Baies vitrées en façade avec des fenêtres blanches : telle est la marque typique d’un immeuble lorientais. La répartition des biens immobiliers par nombre de pièces est équilibrée. Trois, quatre, cinq pièces et plus : chaque standard représente environ un quart des offres. Autrement dit, les acheteurs ne connaissent pas de pénurie dans leur requête.

Autour de la gare, des transformations vont s’opérer dans les quartiers alentours d’ici quelques années. La gare ouvrira alors vers le centre-ville (au sud) et non plus sur Bois-Château/Le Rouho.

Un marché locatif bien « armé »

Les investisseurs privilégient les appartements. Les grandes surfaces du centre, spécifiquement dans les rues piétonnes, plaisent aussi aux étudiants en colocation. Malgré une antenne universitaire et une école d’infirmière, Lorient ne peut rivaliser avec la population estudiantine brestoise. C’est grâce aux militaires qui s’installent en famille que les locations foisonnent.

10 000 personnes vivent du ministère de la Défense autour de Lorient, sans compter la DCNS. A noter aussi leur solvabilité rassurante. Les salaires distribués annuellement à Lann-Bihoué affichent une moyenne de 32 000 euros, contre 21 700 pour un civil…

Une variété de transports en commun

Le Triskell, via le pont urbain entre Lorient et Lanester dédié prioritairement aux bus, facilite la circulation. Environ 200 kilomètres de pistes cyclables sillonnent l’agglomération. Par gain de temps et souci écologique, des liaisons maritimes relient Lorient à Port-Louis, Locmiquélic et Larmor Plage.

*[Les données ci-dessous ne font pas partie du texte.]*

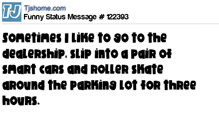 X Sometimes I like to go to the dealership, slip into a pair of smart cars and roller skate around the parking lot for three hours.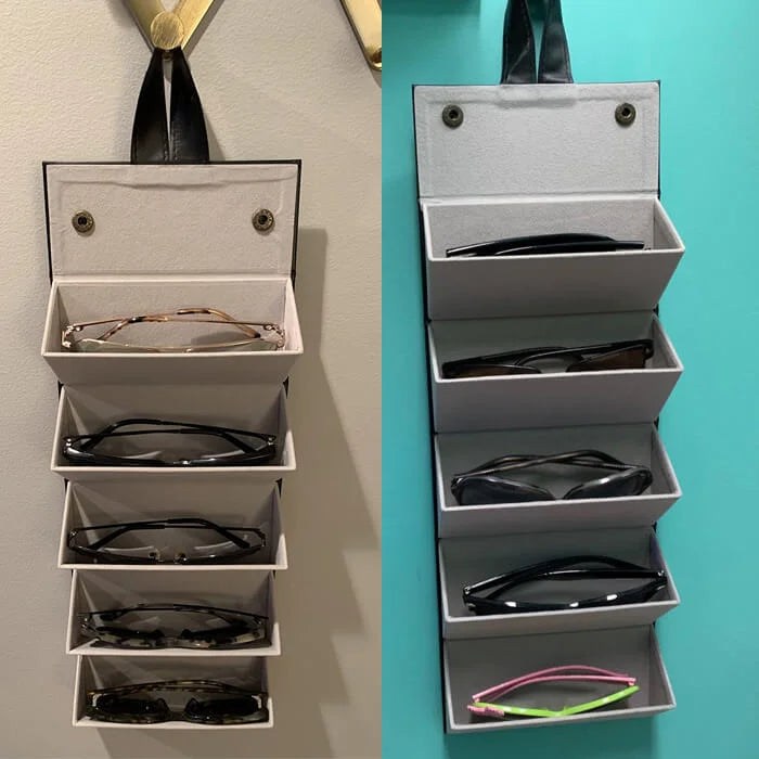 It can store 2-6 pairs sunglasses and glasses in one convenient and unique design case. You can hanging it in closet or put it on the dresser.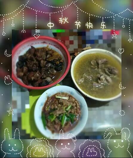 全是肉菜呀!我家是吃不了的,顶多一道排骨就行了 |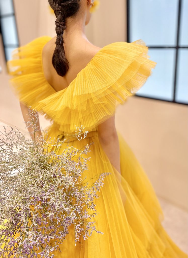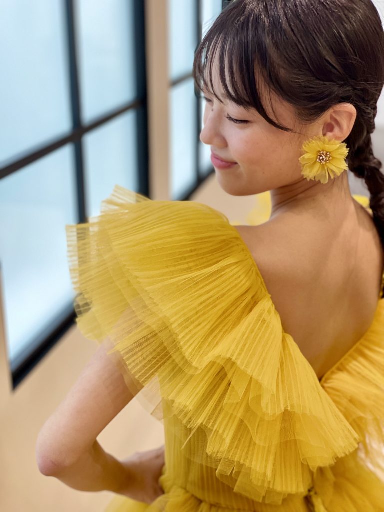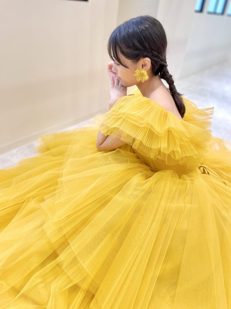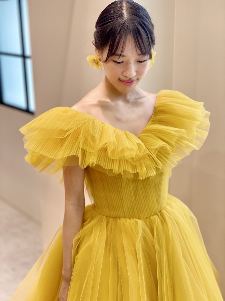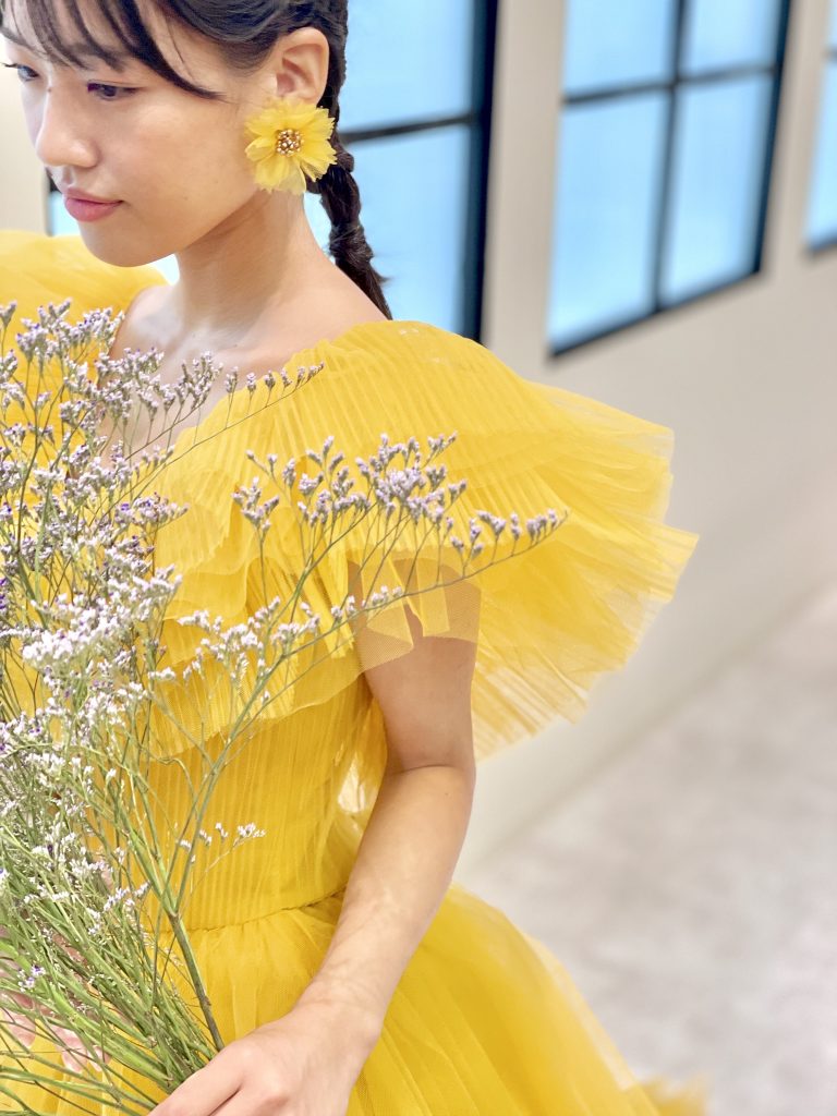そんなイエローのカラードレスが持つ意味は、幸福、希望、上品.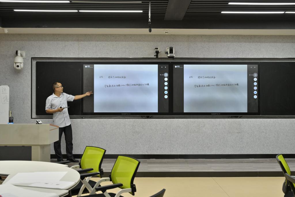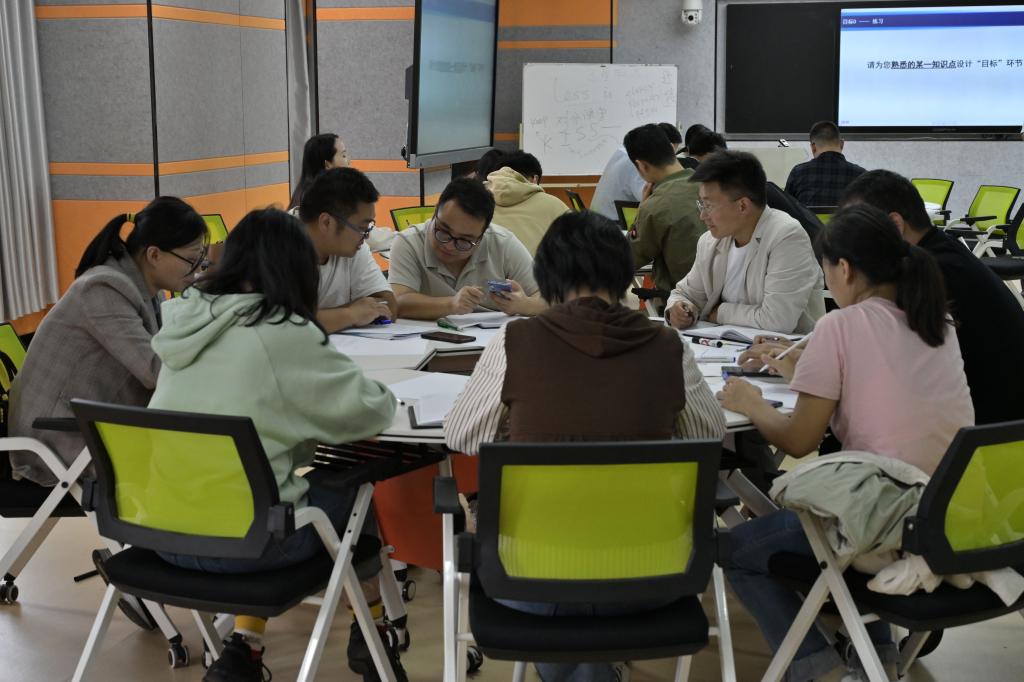 郭一鸣教授以“何为有效教学?”开场,详细讲解了BOPPPS有效教学结构中的导入(Bridge-in)、目标(Objective)、课前测试(Pre-assesment)、参与式学习(Participatorylearing)、课后测试(Post-assessment)、课堂小结(Summary)六个模组以及操作要领。郭教授强调,BOPPPS有效教学结构的各个环节相互协作配合,核心理念是以学生为中心,关注全部学生的学习进度和反馈,重视知识的自我构建,最终达成有效学习。讲座过程中,郭教授利用雨课堂进行了实时讨论、投票答题、随机点名、拍照上传等信息化手段与在场教师积极互动,让老师们更好地体验参与式教学的意义,也体验了现代化教学手段对提高课堂教学质量的辅助作用。为帮助研修教师更好地理解和掌握BOPPPS有效教学结构,郭教授与教师们开展了一次迷你演练,根据BOPPPS模块,分组讨论编写教学设计单并对教学内容设计进行了展示解说。教师们的参与度非常高,讨论积极,思维碰撞,工作坊历时两个半小时。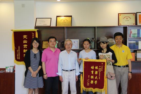 5月26日上午,为表感激之情,徐一心老人再次来到学校,给学校和两位学生送上了锦旗,学保处常务副处长刘天翔,管理学院党总支书记王一青,辅导员曹佳妮,以及学生李怡慧、邹屿英在月华楼270会议室与老人会面,并接受了锦旗。

L'aéroport de Lann-Bihoué, à quinze minutes de Lorient, propose des rotations journalières vers Paris et Lyon. Les deux villes sont desservies plusieurs fois par jour en train. Un réseau de voies rapides gratuit relie Brest à Nantes (ou Rennes) via Lorient. 

A défaut d’une importance présence étudiante, le marché locatif se porte bien grâce à la mobilité des militaires. Du côté des ventes, les revendeurs ont arrêté de surestimer leur bien.  

Points clés à retenir :

  • Un appartement sur deux (48,5 %) dispose d’une place de stationnement.
  • Les nombreux militaires facilitent le marché locatif.
  • L’arrivée du Triskell multiplie l’offre immobilière avec Lanester.